In Rottenburg, Schlichter maintained good relations with Roman Catholic Bishop Joannes Baptista Sproll, an outspoken opponent of the Nazis, whom he portrayed. The acquaintance with Carlo Schmid, one of the later fathers of the Basic Law is attested. After his autobiographical books were banned in 1933, Schlichter realized that the new rulers had no interest in him. A drawing critical of the regime that he made for the Catholic youth magazine "Junge Front" led to his exclusion from the Reich Chamber of Literature and the Reich Association of German Writers in 1934.

In 1935 he returned to Stuttgart. A more or less secret exhibition at his new place of residence in Stuttgart was made possible in 1936 with the support of Hugo Borst in his Stuttgart private gallery in Haus Sonnenhalde - this would no longer have been possible in the more heavily controlled area of museums and public institutions. In 1937, 17 of his works were confiscated as part of the Nazi action against so-called Degenerate Art. Some of his works were presented in the Degenerate Art propaganda exhibitions, and others were destroyed. At the beginning of 1938 Schlichter was temporarily removed from the Reich Chamber of Fine Arts, expelled, banned from exhibiting, and was shortly thereafter, denounced because of his "non-National Socialist lifestyle".

In 1939 he moved to Munich, where he was in contact with Hans Scholl, among others, and joined the circle around the Catholic journal Hochland. In 1939 he was able to show a drawing at the Great German Art Exhibition in Munich. His studio was destroyed by Allied bombs in 1942, and he lost some of his works.

===After 1945===
After the Second World War he took part in the first General German Art Exhibition of the post-war period in Dresden in 1946 and in the first exhibition held in the Schäzler Palais, in Augsburg, in the same year and founded the Neue Gruppe, in Munich, which he chaired with Adolf Hartmann. Occasionally he also worked for the satirical magazine Der Simpl. In 1950 he joined the reestablished Deutscher Künstlerbund, for whose first exhibition in 1951 in Berlin, he presented two oil paintings, made in 1948. In 1954 he was represented with eight works at the Venice Biennale. In 1953 and 1955, the second time a few weeks before his death, he had his final solo exhibitions in Munich. Schlichter died of uremia and was buried in the Munich forest cemetery.

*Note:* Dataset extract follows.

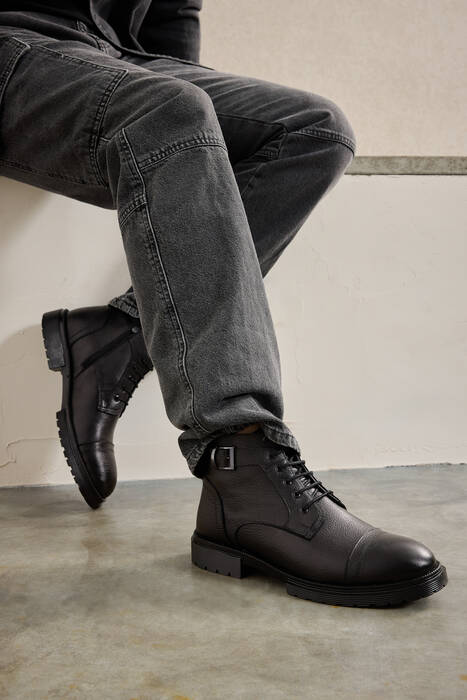 Hakiki Deri Erkek Bot Siyah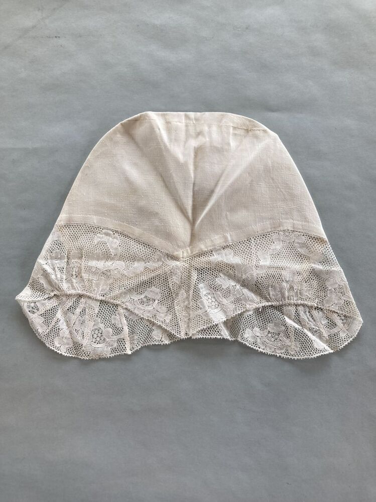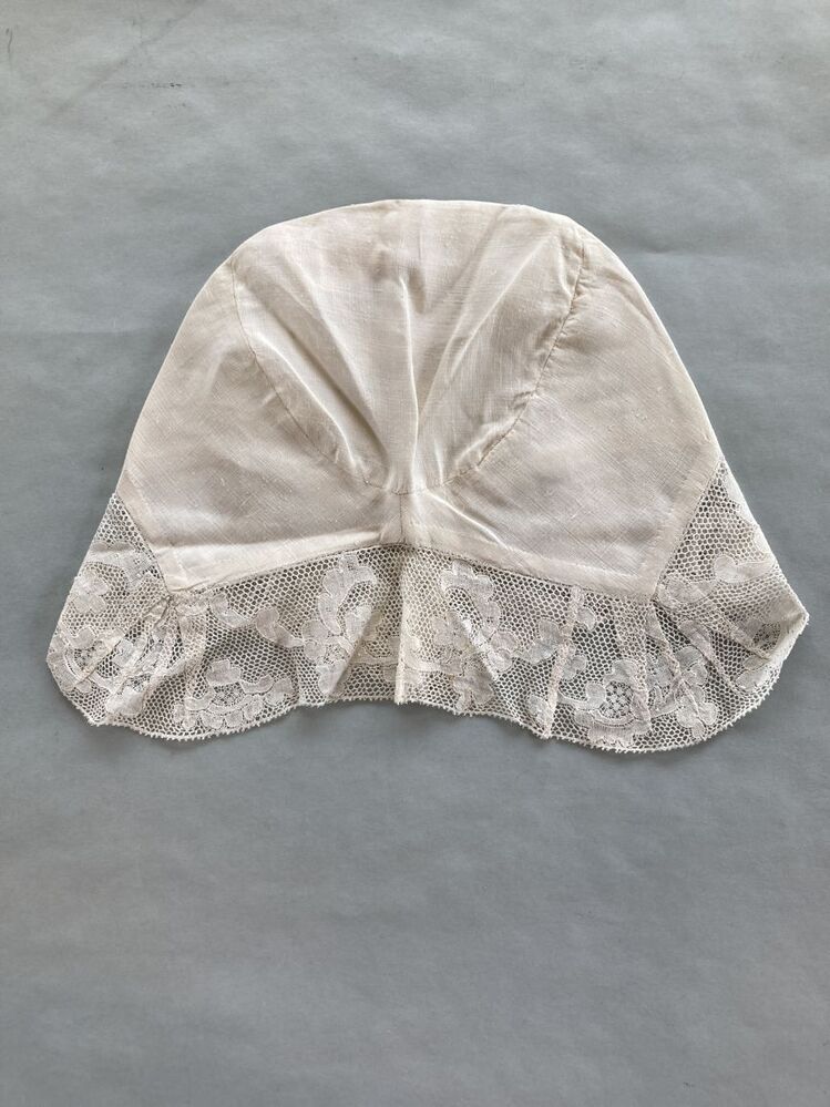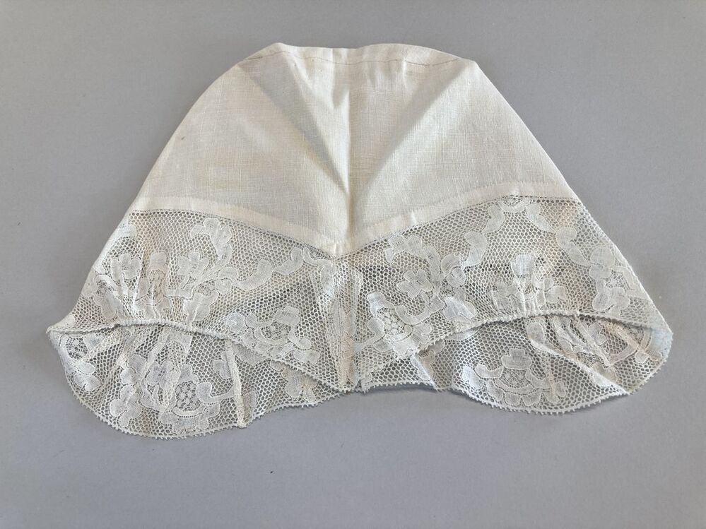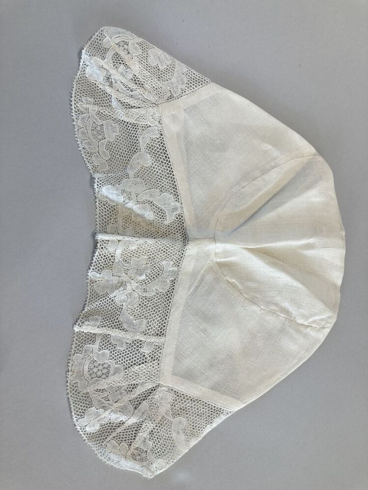 Tipmuts met kloskant strook met symmetrisch floraal motief op Valenciennes grond

Schlichter created fantastical allegories and historical paintings influenced by surrealism during and especially after the World War II. In the 1950s, he had found a socially acceptable representation for his personal fantasies, by creating paintings with surreal and apocalyptical landscapes that seem to have been inspired by Giorgio de Chirico, Yves Tanguy or Salvador Dalí. He was compared to Dali because of his technical virtuosity, devotion to his muse, sexual obsessions and verbose sense of mission.

==Literary work==
Schlichter wrote several confessional writings, some with autobiographical references and erotic themes. He published Zwischenwelten (1931), which was his first attempt to process his erotic mania and was described by the publisher as "the passionate confession of an erotically devious nature". In the two following years, he published two other confessional works: Das widerspenstige Fleisch and Tönerne Füße.